Nvidia’s personal efficiency preview, the place it suggests RTX 5090 may be as much as twice as quick because the RTX 4090, additionally present a few video games the place there isn’t any DLSS 4 and even DLSS 3 in a single occasion to muddy the waters. Wanting on the Far Cry 6 outcomes, it seems the 5090 will supply about 27% extra efficiency than the 4090 in video games the place the brand new AI options aren’t a part of the equation. In A Plague Story: Requiem, the hole will increase to about 43% (sure, I am counting pixels!). Whereas within the video games that use DLSS 4 MFG (versus DLSS 3 FG), Nvidia reveals a 2.3X–2.45X enchancment.

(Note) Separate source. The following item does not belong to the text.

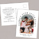 Convite moderno e elegante para casamento íntimo ou anúncio de casamento e recepção para informar familiares e amigos de que você se casou em uma cerimônia pequena, e convidá-los agora para uma recepção de casamento. A frente apresenta sua foto do dia do casamento em uma moldura arqueada e "Festa Feliz para Sempre" em tipografia elegante. Sob sua foto, você pode adicionar seus primeiros nomes e data do casamento. No verso, você pode personalizar sua mensagem em mais detalhes e adicionar detalhes da festa ou recepção e seus nomes em uma caligrafia semelhante a uma assinatura.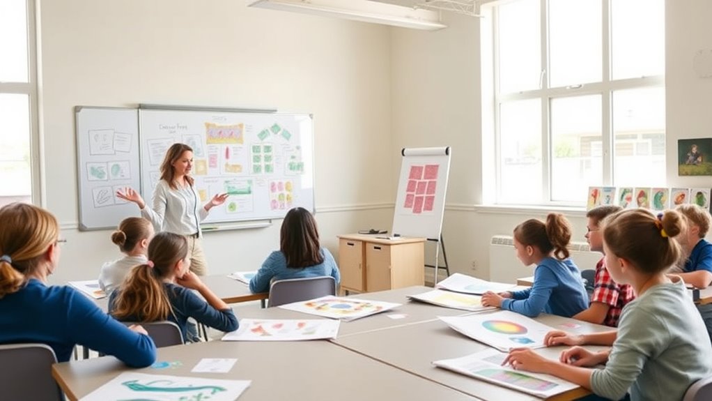 To build a strong student art portfolio and develop presentation skills, focus on organizing your artwork clearly with high-quality images that accurately show your work. Practice explaining your creative process confidently, using brief descriptions and artist statements. Seek feedback from peers and practice presenting to improve your verbal articulation. By refining both your visual presentation and communication, you’ll convey your artistic vision more effectively. Keep exploring these strategies to make your portfolio stand out and showcase your talents convincingly.

Does that imply the RTX 5090 is or is not well worth the larger value? We expect it should largely rely on what you are doing. There’ll virtually definitely be lots of people and firms which can be fascinated about AI who will bounce on the likelihood to pay $1,999 for an RTX 5090. Those self same teams have been shopping for RTX 4090 playing cards for the previous couple of years. In generative AI testing, the 5090 additionally confirmed a large 2X bounce in efficiency utilizing Flux.dev.
However in case you’re principally enjoying video games, and you do not love body era? It is most likely not a foul thought to take a seat again and wait to see how issues develop for a bit. Perhaps DLSS 4 in precise use will appear and feel nice. Or possibly pulling as much as 575W of energy by way of the brand new 16-pin connector will lead to Meltgate Part 2. However nevertheless you slice it, two grand is some huge cash to spend on a gaming GPU — and you may undoubtedly need the remainder of your PC to be as much as the duty, as powering the RTX 5090 and offering a gentle stream of recreation updates will want a really potent PC.